*** Block opens ***

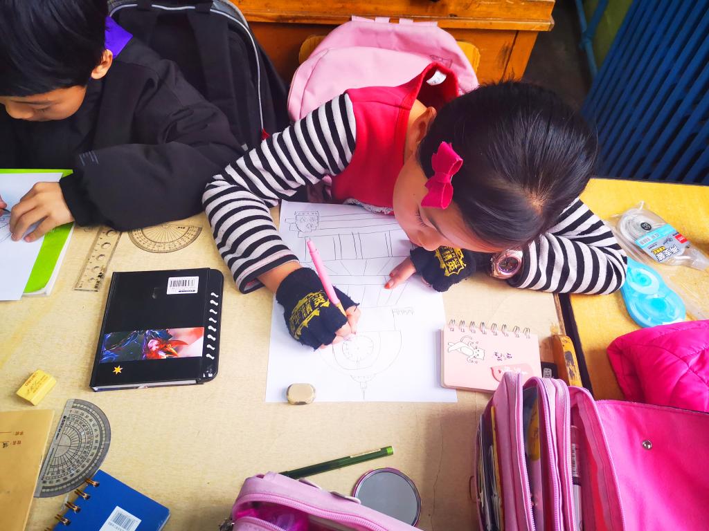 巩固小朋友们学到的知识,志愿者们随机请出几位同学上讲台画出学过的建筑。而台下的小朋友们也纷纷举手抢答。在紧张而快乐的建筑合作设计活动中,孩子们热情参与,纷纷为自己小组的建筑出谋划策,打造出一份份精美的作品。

*** Block closes ***
*** Block opens ***

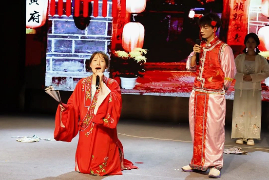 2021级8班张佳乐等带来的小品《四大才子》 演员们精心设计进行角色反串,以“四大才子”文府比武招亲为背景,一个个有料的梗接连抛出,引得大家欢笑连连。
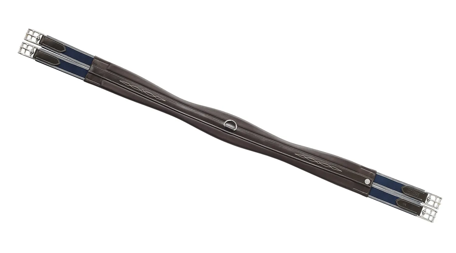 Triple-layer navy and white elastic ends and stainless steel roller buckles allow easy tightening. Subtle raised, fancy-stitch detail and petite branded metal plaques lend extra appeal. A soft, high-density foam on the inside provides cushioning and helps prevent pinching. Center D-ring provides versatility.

*** Block closes ***

→ Activity: Above are records; repeat only the lines from the line with "2021级8班张佳乐等带来的" through the line with "Triple-layer navy and", and leave pictures out.

→ Output below:
 2021级8班张佳乐等带来的小品《四大才子》 演员们精心设计进行角色反串,以“四大才子”文府比武招亲为背景,一个个有料的梗接连抛出,引得大家欢笑连连。
 Triple-layer navy and white elastic ends and stainless steel roller buckles allow easy tightening. Subtle raised, fancy-stitch detail and petite branded metal plaques lend extra appeal. A soft, high-density foam on the inside provides cushioning and helps prevent pinching. Center D-ring provides versatility.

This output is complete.